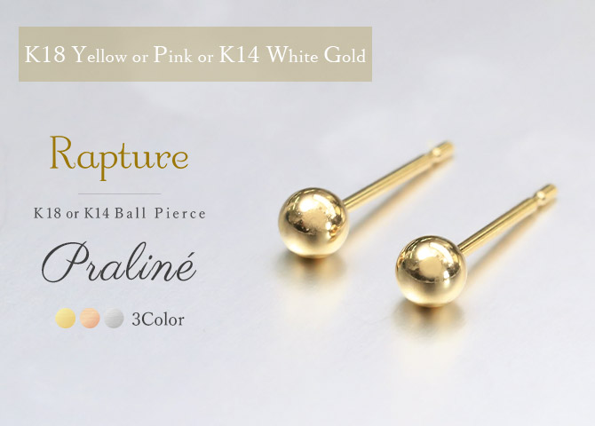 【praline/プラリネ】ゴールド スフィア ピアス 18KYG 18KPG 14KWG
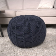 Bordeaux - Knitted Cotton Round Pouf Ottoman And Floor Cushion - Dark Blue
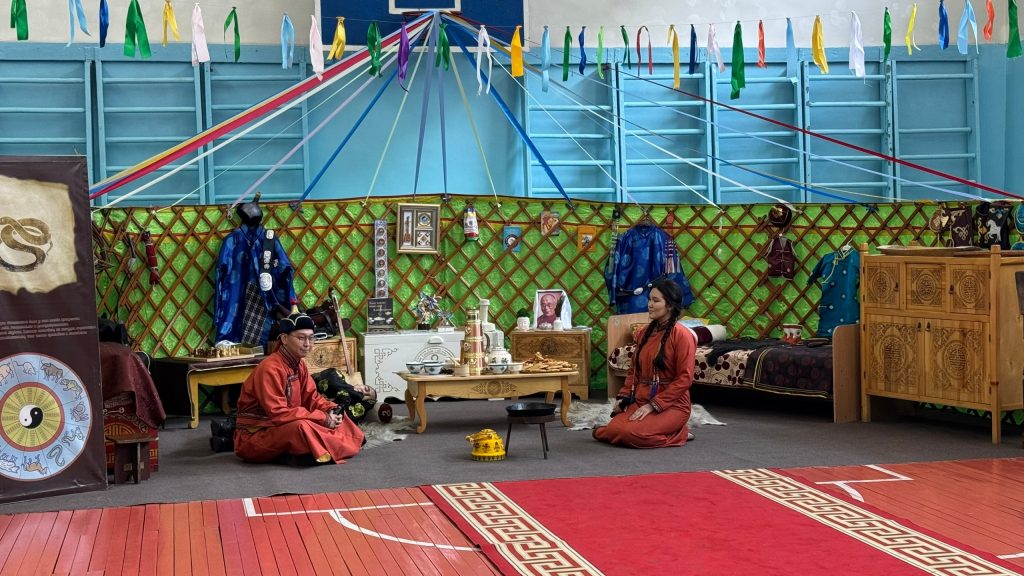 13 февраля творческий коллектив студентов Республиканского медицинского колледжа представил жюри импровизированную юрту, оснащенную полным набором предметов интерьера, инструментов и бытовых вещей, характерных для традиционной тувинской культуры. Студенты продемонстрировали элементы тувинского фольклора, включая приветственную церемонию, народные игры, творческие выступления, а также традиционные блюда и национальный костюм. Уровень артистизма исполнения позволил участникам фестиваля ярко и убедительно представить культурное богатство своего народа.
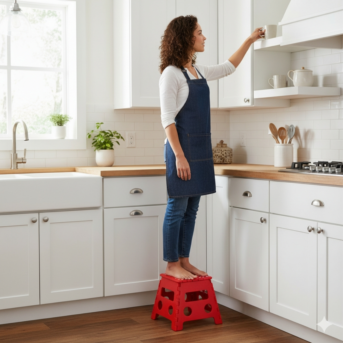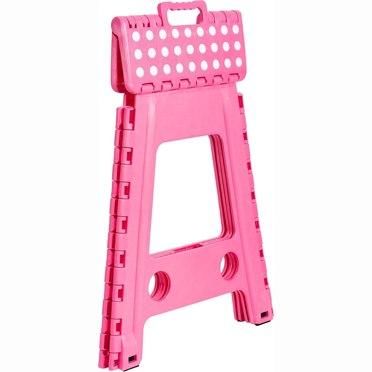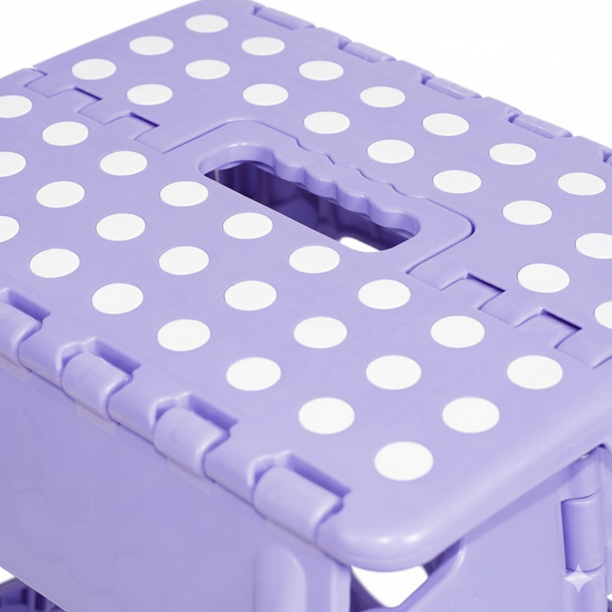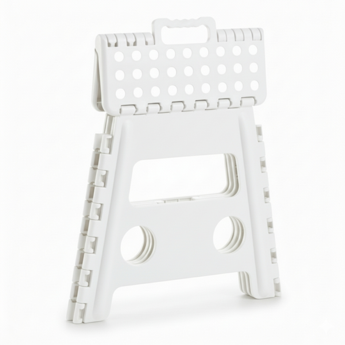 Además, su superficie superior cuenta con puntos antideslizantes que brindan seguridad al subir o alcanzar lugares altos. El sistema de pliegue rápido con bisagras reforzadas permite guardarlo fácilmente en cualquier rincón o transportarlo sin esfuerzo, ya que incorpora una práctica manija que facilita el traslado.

————————

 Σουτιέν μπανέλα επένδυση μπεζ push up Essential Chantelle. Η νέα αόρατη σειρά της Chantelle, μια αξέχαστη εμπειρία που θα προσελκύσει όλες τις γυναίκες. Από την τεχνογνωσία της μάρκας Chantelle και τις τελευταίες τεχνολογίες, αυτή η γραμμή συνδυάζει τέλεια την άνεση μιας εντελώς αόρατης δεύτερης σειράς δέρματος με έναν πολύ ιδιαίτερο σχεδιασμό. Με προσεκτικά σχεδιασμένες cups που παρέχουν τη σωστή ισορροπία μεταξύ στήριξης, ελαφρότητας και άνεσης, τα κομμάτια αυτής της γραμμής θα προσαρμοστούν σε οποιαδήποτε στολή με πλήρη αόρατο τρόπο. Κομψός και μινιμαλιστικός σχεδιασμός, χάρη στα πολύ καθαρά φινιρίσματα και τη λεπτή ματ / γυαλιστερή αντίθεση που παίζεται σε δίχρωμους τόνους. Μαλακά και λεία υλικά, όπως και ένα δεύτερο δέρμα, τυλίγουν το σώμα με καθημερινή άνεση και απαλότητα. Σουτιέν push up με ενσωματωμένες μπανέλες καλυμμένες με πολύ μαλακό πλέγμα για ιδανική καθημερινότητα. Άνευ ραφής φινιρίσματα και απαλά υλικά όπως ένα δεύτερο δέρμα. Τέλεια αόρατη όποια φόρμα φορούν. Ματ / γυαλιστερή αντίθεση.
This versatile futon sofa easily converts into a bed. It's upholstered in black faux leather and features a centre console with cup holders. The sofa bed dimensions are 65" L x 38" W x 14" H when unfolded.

————————

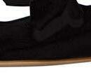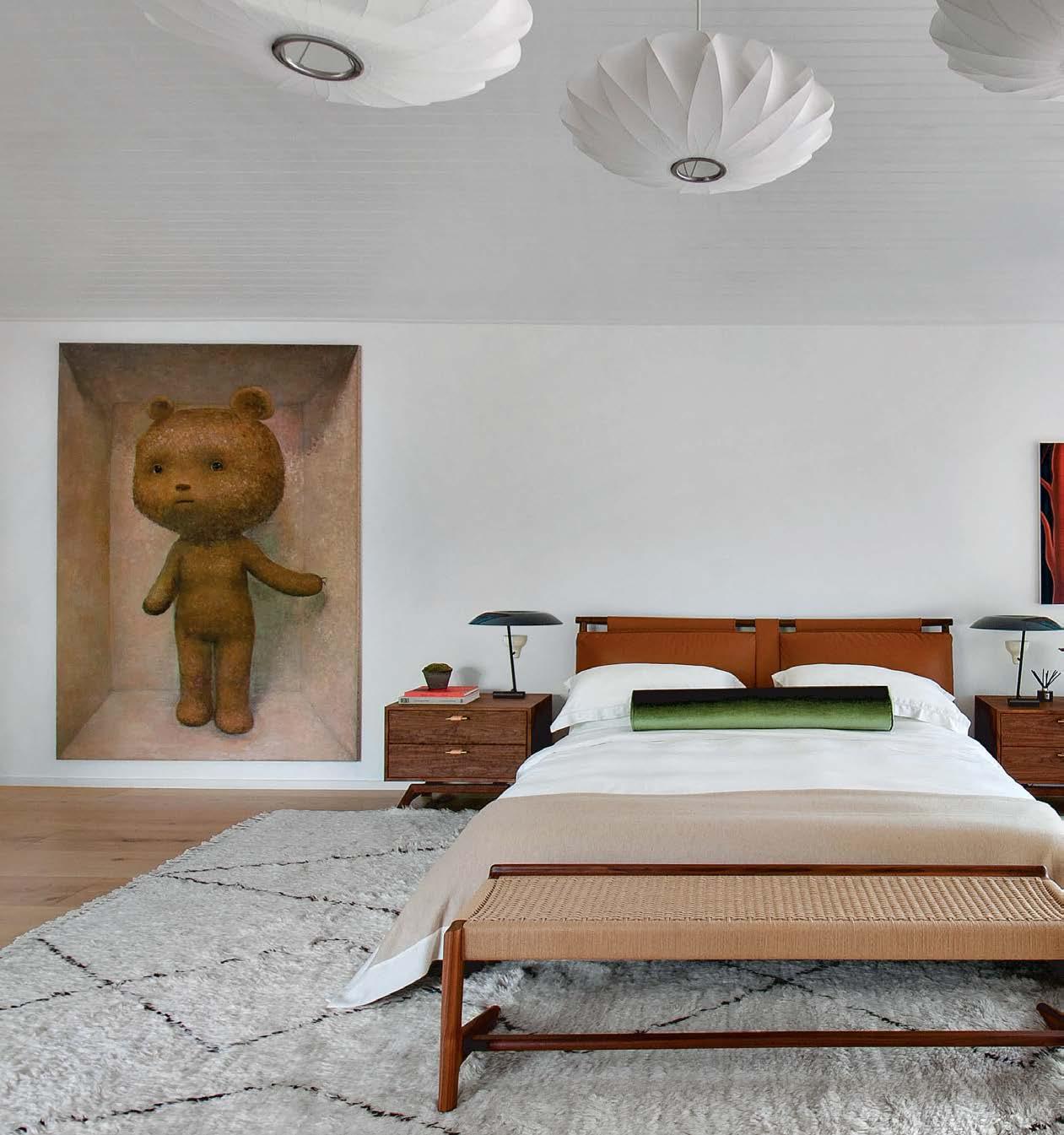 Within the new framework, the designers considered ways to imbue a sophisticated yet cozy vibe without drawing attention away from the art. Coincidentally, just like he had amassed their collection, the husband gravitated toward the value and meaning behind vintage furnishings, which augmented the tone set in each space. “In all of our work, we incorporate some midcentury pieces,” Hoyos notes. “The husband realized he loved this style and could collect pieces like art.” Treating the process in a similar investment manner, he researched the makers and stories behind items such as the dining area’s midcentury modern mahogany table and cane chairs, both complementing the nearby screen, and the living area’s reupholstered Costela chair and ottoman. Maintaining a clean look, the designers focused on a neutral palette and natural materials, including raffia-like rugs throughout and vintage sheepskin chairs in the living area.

————————

Task goal >> Skipping the pictures, print the lines in the listing above exactly as written, starting at the line with "18KYG 18KPG 14KWG" and ending at the line with "Además, su superficie", both included.

Output >>
 【praline/プラリネ】ゴールド スフィア ピアス 18KYG 18KPG 14KWG
 Bordeaux - Knitted Cotton Round Pouf Ottoman And Floor Cushion - Dark Blue
 13 февраля творческий коллектив студентов Республиканского медицинского колледжа представил жюри импровизированную юрту, оснащенную полным набором предметов интерьера, инструментов и бытовых вещей, характерных для традиционной тувинской культуры. Студенты продемонстрировали элементы тувинского фольклора, включая приветственную церемонию, народные игры, творческие выступления, а также традиционные блюда и национальный костюм. Уровень артистизма исполнения позволил участникам фестиваля ярко и убедительно представить культурное богатство своего народа.
 Además, su superficie superior cuenta con puntos antideslizantes que brindan seguridad al subir o alcanzar lugares altos. El sistema de pliegue rápido con bisagras reforzadas permite guardarlo fácilmente en cualquier rincón o transportarlo sin esfuerzo, ya que incorpora una práctica manija que facilita el traslado.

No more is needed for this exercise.